Documentation on the optimization process can also be found at:
https://developer.download.nvidia.com/assets/cuda/files/reduction.pdf
The subdirectory norm contains skeletons for several GPU based algorithms for computing the two-norm of a vector: cuda_norm, thrust_norm, lambda_norm. The latter two use thrust for implementing and managing kernels, whereas cuda_norm is plain cuda.
Documentation for thrust can be found at
https://docs.nvidia.com/cuda/thrust/index.html
You may find it helpful to refer to the hello examples for the rest of this problem.
Complete the implementation in thrust_norm.
This should be fairly straightforward if you use the thrust function transform_reduce() and pass it the binary and unary operators that are defined. You will also need to fill in the contents of what will be the kernel (the function each thread will run for its part of the overall computation). In this case you are creating a function object (discussed in PS5).
To finish the function object,
your task is to complete the member function with prototype
T operator()(const T&)
– that is, the function call operator of the class template square
.
Recall that for a function object,
when we declare an object of type square<float>
, we are instantiating a function object that takes a float and returns a float. We can use that object just as we would a function or a lambda. In this example we declare unary_op
as follows
square<float> unary_op;
and pass it into transform_reduce as an argument:
thrust::transform_reduce(X.begin(), X.end(), unary_op, init, binary_op)
Note that we could also construct the function object in place in the call to transform_reduce
:
thrust::transform_reduce(X.begin(), X.end(), square<float>(), init, binary_op)
You may have already noticed this technique in some of the uses we have made of, e.g., std::sort
.
Complete the implementation in lambda_norm. This is similar to thrust_norm, except we pass in a lambda rather than a function object.
Complete the implementation in cuda_norm. To make this easier to accomplish, the skeleton is set up so that the kernel stores an intermediate result into another vector (y). The final norm can be computed by having the CPU accumulate over y rather than having the GPU do it.

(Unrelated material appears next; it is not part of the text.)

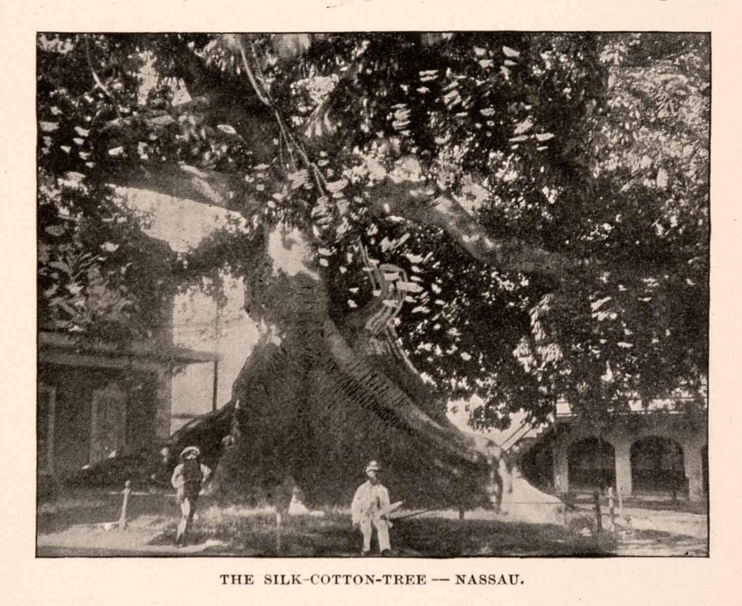 1893 Halftone Print Silk Cotton Tree Town Square Nassau Bahamas Caribbean XGDA9

Once you have implemented and tested your implementations, run the script script.bash
in norm. The script will plot the cuda/thrust programs as well as the sequential and OpenMP implementations.
Use nvprof (you may use the nvprof.bash from the hello subdirectory) to analyze the three cuda/thrust programs. Is it obvious from the output and/or the program timer output which kernel needs the most tuning, and what are the opportunities for tuning? Describe your observations about how well cuda_norm, thrust_norm, and lambda_norm are using the GPU (occupancy, processor usage, memory bandwidth).

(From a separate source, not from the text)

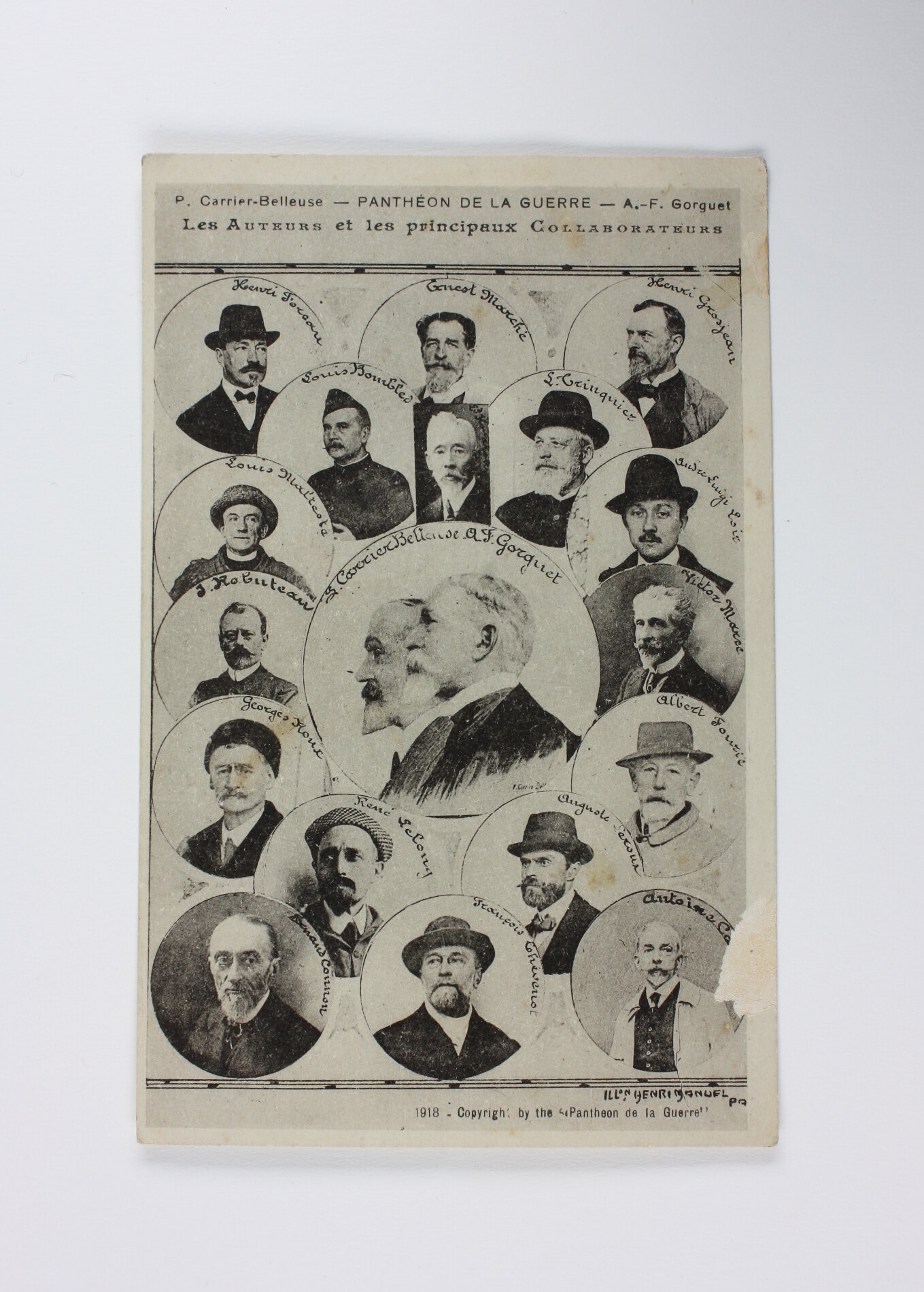 Printed: 'P. Carrier-Belleuse - PANTHEON DE LA GUERRE - A.'F. Gorguet / LES AUTEURS et les principaux COLLABORATEURS / / 1918 - Copyright by the "Pantheon de la Guerre'. Directly beneath image: ILLon HENRI MANUEL / PR'. [Translation: 'The authors and principal collaborators of the Pantheon of the War'.] Printed on back: 'CARTE POSTALE / CORRESPONDANCE / ADDRESSE / IMP LE DELEY, PARIS / Edit Art H. Manuel. Paris'.

(583 Only) Implement a performance optimization in one of cuda_norm, thrust_norm, or lambda_norm. The reduction example shows several possibilities, though you may design your own. Show, using nvprof output if at all possible, what the benefit is of your optimization.
The subdirector ocr
contains a simple machine learning program for performing optical character recognition. The dataset used is from the 500 lines project , where the design of the neural net used in this example is also discussed. Note that much of the discussion there is also about the client-server GUI for testing and training. Our system has a simpler GUI with no client-server (though you need to compile with X windows and run the program on your local machine to use it).
Do a make clean in your ps7 directory and then create a tar ball ps7.tar.gz containing all of the files in that directory. From within the ps7 directory:
$ cd ps7
$ make clean
$ cd ..
$ tar zcvf ps7-submit.tar.gz --exclude "./ps7/.vscode" ./ps7
If you relied on any external references, list them in a file refs.txt and include that in your tarball as well (in the ps7 subdirectory).